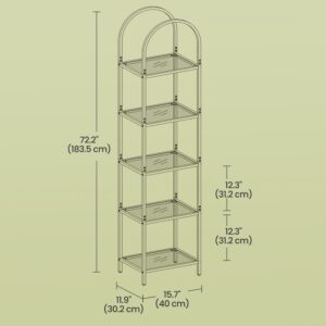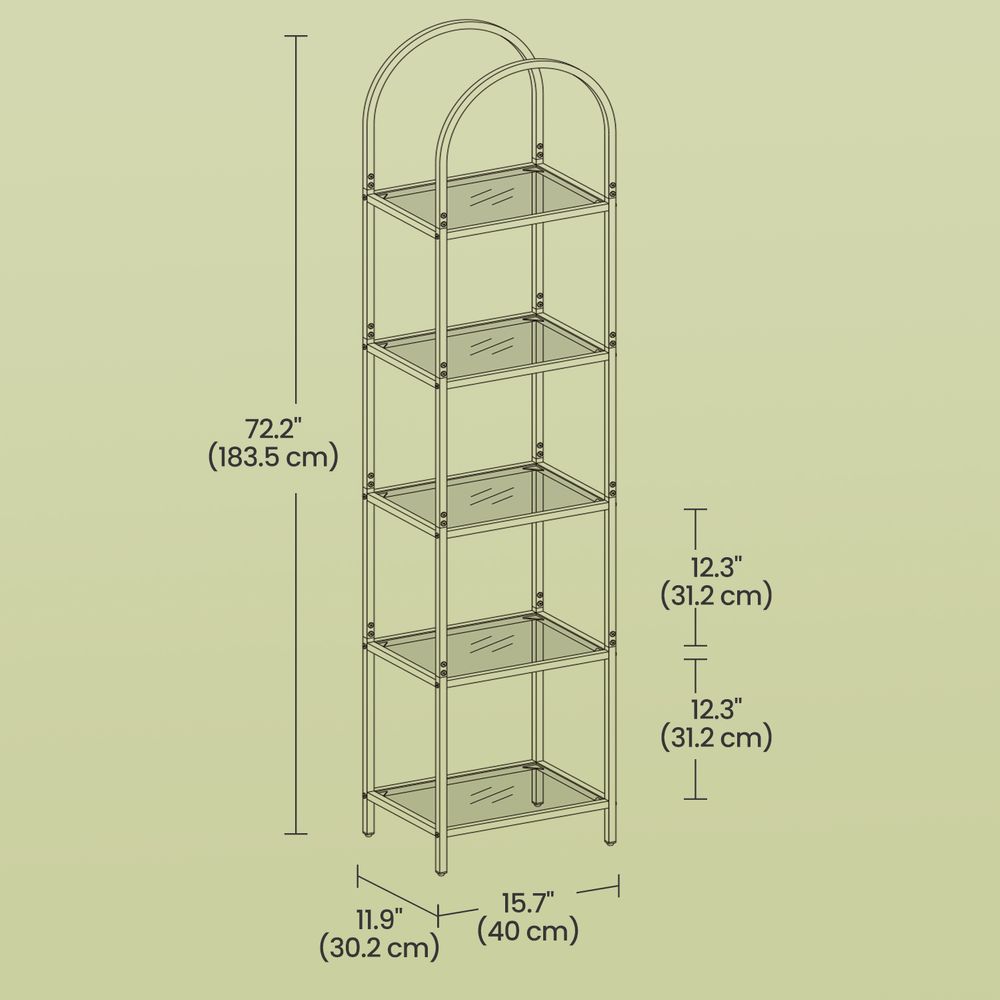 أضف لمسة عصرية وأنيقة إلى منزلك مع رف التخزين والعرض VASAGLE ذو 5 طبقات، المصمم خصيصًا لعرض مقتنياتك المفضلة بأسلوب راقٍ وجذاب. يتميز هذا الرف بتصميمه المقوس الأنيق وأرففه الزجاجية الشفافة التي تمنح المكان إحساسًا بالاتساع والفخامة، مما يجعله خيارًا مثاليًا لغرفة المعيشة أو المكتب أو حتى الحمام.
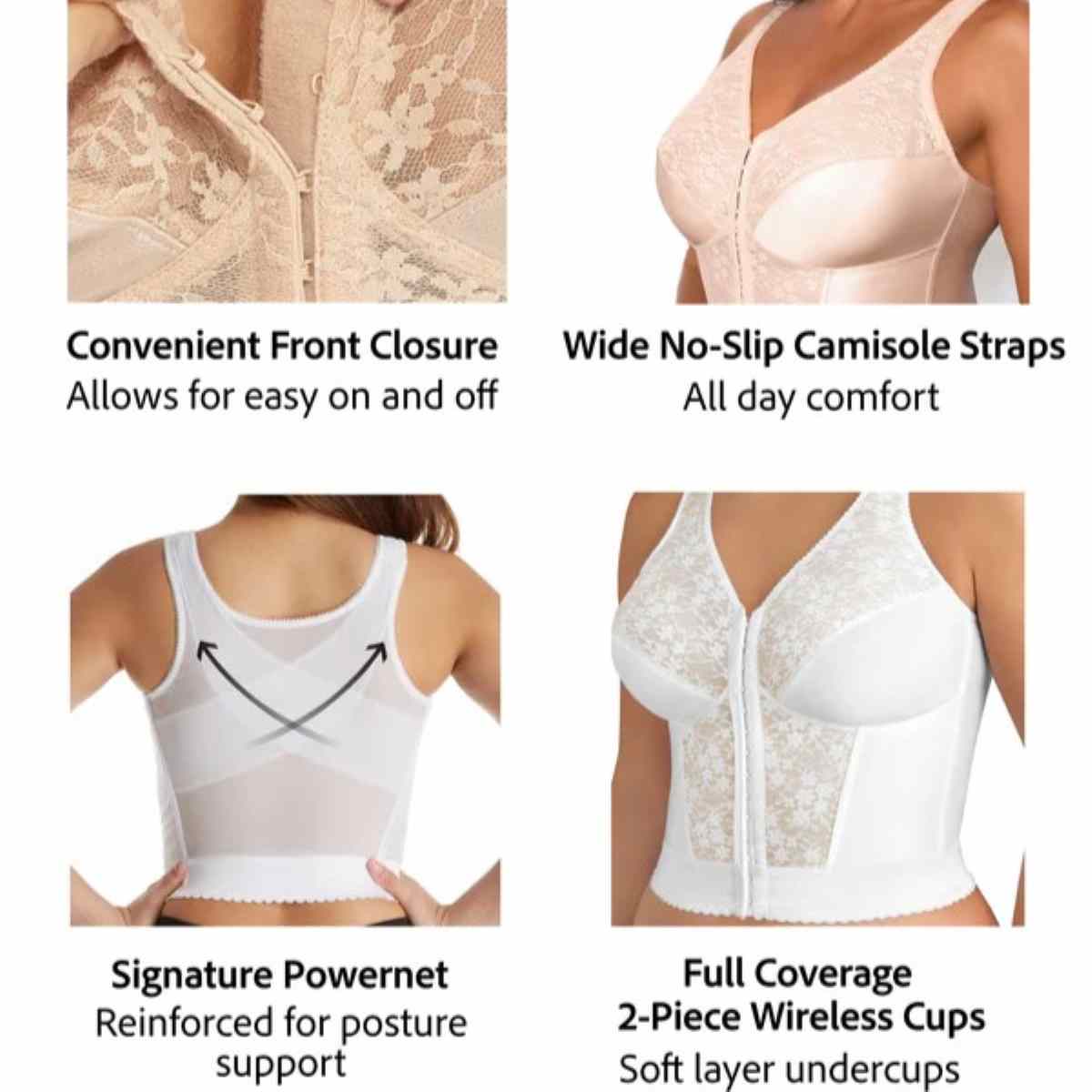 Front Close With Lace Longline Posture Bra is a front opening longline bra with wireless 2-part cups for shaping and comfort.
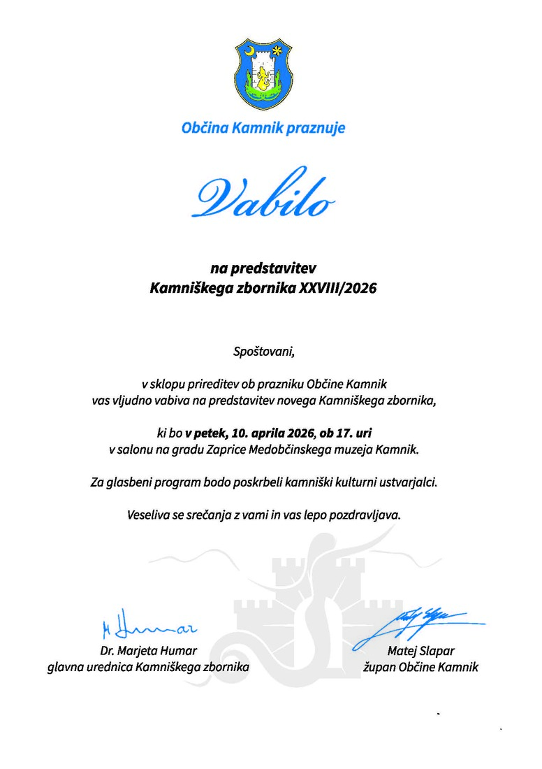 PREDSTAVITEV KAMNIŠKEGA ZBORNIKA ŠT. XXVIII/2026

* EXERCISE
The whole listing above is to be repeated exactly, apart from its pictures.

* RESPONSE TO THIS TASK
 أضف لمسة عصرية وأنيقة إلى منزلك مع رف التخزين والعرض VASAGLE ذو 5 طبقات، المصمم خصيصًا لعرض مقتنياتك المفضلة بأسلوب راقٍ وجذاب. يتميز هذا الرف بتصميمه المقوس الأنيق وأرففه الزجاجية الشفافة التي تمنح المكان إحساسًا بالاتساع والفخامة، مما يجعله خيارًا مثاليًا لغرفة المعيشة أو المكتب أو حتى الحمام.
 Front Close With Lace Longline Posture Bra is a front opening longline bra with wireless 2-part cups for shaping and comfort.
 PREDSTAVITEV KAMNIŠKEGA ZBORNIKA ŠT. XXVIII/2026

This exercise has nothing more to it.